> _TASK BRIEF_:
Look below for the line containing "The full suspension" and the line containing "A defoamer, also", then set down both and every line between them exactly, without pictures.

──────── EXERCISE DATA

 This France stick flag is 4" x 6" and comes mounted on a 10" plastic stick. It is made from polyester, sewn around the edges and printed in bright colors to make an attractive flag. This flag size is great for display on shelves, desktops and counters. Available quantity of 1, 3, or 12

────────────────
──────── EXERCISE DATA

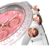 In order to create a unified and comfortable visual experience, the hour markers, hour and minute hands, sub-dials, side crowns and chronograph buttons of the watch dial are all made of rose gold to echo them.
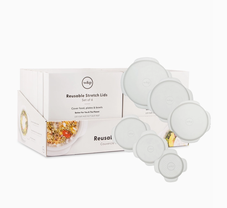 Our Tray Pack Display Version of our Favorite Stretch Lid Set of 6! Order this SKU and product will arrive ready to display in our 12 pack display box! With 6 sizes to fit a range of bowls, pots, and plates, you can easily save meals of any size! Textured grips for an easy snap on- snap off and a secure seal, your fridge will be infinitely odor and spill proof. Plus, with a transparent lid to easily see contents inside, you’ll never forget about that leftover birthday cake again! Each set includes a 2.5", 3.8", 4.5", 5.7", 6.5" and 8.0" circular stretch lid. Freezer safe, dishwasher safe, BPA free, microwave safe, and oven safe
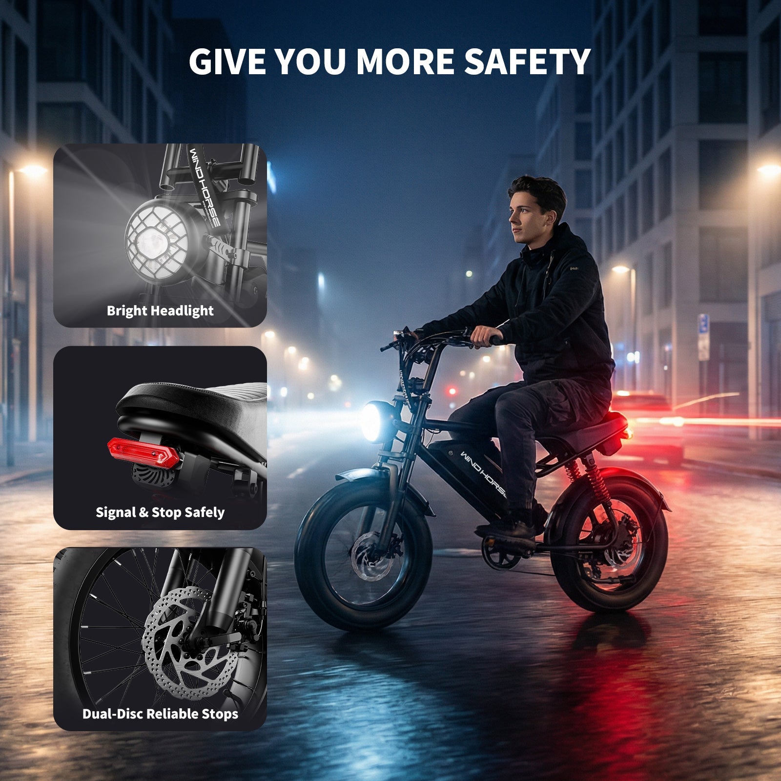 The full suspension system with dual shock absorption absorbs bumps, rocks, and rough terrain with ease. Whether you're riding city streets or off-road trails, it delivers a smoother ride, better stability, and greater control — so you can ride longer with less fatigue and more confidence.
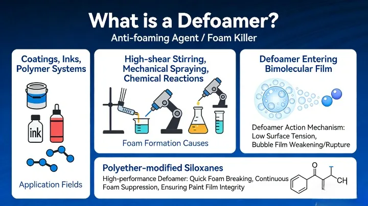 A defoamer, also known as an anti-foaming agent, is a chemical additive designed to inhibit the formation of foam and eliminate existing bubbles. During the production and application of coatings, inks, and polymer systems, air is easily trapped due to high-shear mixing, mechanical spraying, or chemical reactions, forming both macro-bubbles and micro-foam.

────────────────
──────── EXERCISE DATA

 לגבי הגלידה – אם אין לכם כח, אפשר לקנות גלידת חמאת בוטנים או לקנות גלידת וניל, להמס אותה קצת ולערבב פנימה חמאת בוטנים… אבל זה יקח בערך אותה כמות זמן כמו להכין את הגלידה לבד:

────────────────

> _SOLUTION TO THE PROBLEM_:
 The full suspension system with dual shock absorption absorbs bumps, rocks, and rough terrain with ease. Whether you're riding city streets or off-road trails, it delivers a smoother ride, better stability, and greater control — so you can ride longer with less fatigue and more confidence.
 A defoamer, also known as an anti-foaming agent, is a chemical additive designed to inhibit the formation of foam and eliminate existing bubbles. During the production and application of coatings, inks, and polymer systems, air is easily trapped due to high-shear mixing, mechanical spraying, or chemical reactions, forming both macro-bubbles and micro-foam.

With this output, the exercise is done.